Q.5 No matter how far you stand from a mirror, your image appears erect. The mirror is likely to be-

(a) only plane.
(b) only concave.
(c) only convex.
(d) either plane or convex.

Ans-

The correct option is (d).
Explanation: A plane mirror always forms a virtual and erect image of same size as that of the object. In the same way, a convex mirror forms a virtual and erect image of smaller size of the object placed in front of it.

Q.6 Which of the following lenses would you prefer to use while reading small letters found in a dictionary?
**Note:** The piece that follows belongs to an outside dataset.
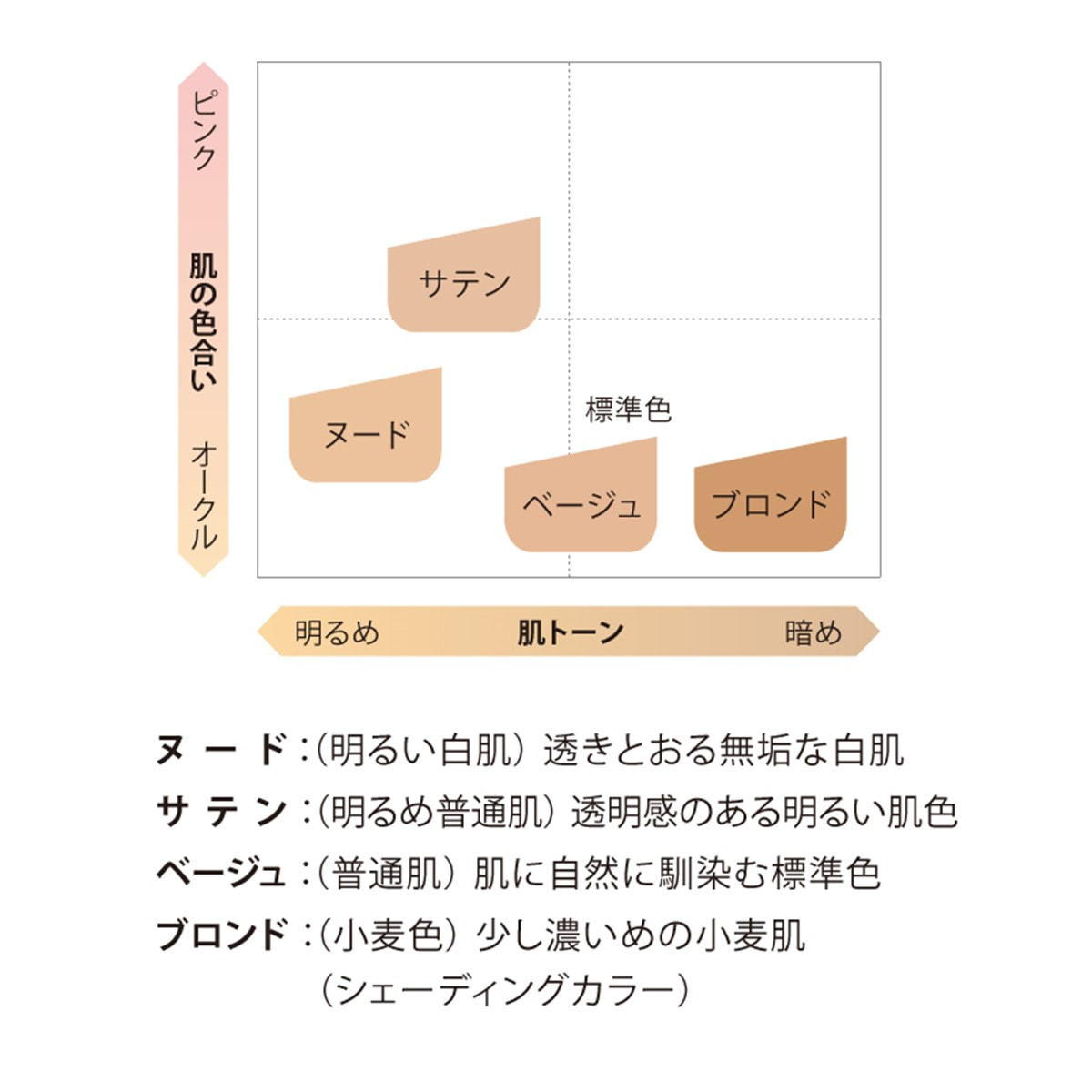 下地であらかじめ肌をトーンアップしてからの使用を前提としているため、半トーン暗めに調整されています。

(a) A convex lens of focal length 50 cm
(b) A concave lens of focal length of 50 cm
(c) A convex lens of focal length of 5 cm
(d) A concave lens of focal length 5 cm

Ans-

The correct option is (c).
Explanation: When a convex lens is placed between the radius of curvature and focal length, it forms magnified image of the given object. Moreover, magnification is more for convex lenses having shorter focal length.

Q.7 We wish to obtain an erect image of an object, using a concave mirror of focal length 15 cm. What should be the range of distance of the object from the mirror? What is the nature of the image? Is the image larger or smaller than the object? Draw a ray diagram to show the image formation in this case.

Ans-

A concave mirror always forms an erect image when object is placed between pole (P) and the principal focus (F). Therefore, the object should be placed anywhere between the pole and the focus of the concave mirror. The image formed in this case will be virtual, erect, and magnified in nature.
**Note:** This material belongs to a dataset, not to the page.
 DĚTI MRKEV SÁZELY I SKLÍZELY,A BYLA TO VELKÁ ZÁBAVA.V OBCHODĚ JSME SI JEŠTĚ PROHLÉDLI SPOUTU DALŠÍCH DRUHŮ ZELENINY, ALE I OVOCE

Q.8 Name the type of mirror used in the following situations.

(a) Headlights of a car
(b) Side/rear-view mirror of a vehicle.
(c) Solar furnace

Support your answer with reason.

Ans-

(a) Concave mirror
(b) Convex mirror
(c) Concave mirror.

Reasons:
(a) In the headlights of cars, concave mirror is used as it produces parallel beam of light when the light source (bulb) is at the principal focus of the concave mirror.
(b) A convex mirror forms a virtual, erect, and diminished image of the objects placed in front of. Hence, a driver can see most of the traffic behind him.
(c) A concave mirror can converge the light incident on it at a single point known as principal focus. Therefore, it can be used to produce a large amount of heat at that point.
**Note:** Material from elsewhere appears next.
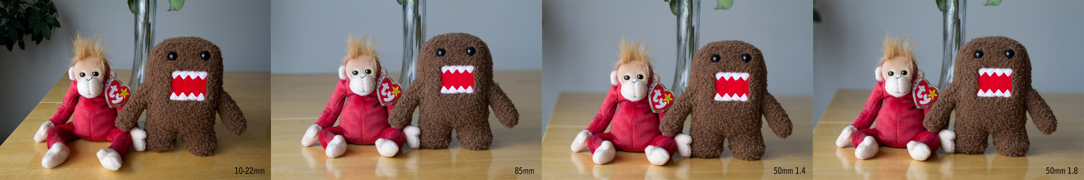 I shot a picture of monkey and domokun with each lens with similar iso and f-stop settings.

Q.9 One-half of a convex lens is covered with a black paper. Will this lens produce a complete image of the object? Verify your answer experimentally. Explain your observations.

Ans-

The convex lens will produce a compete image of the object kept in front of it even half of the lens is covered with black paper.

i. When the upper half of the lens is covered:

The rays of light coming from the object will be refracted by the lower half of the lens. These rays meet at the other side of the lens to form the image of the given object.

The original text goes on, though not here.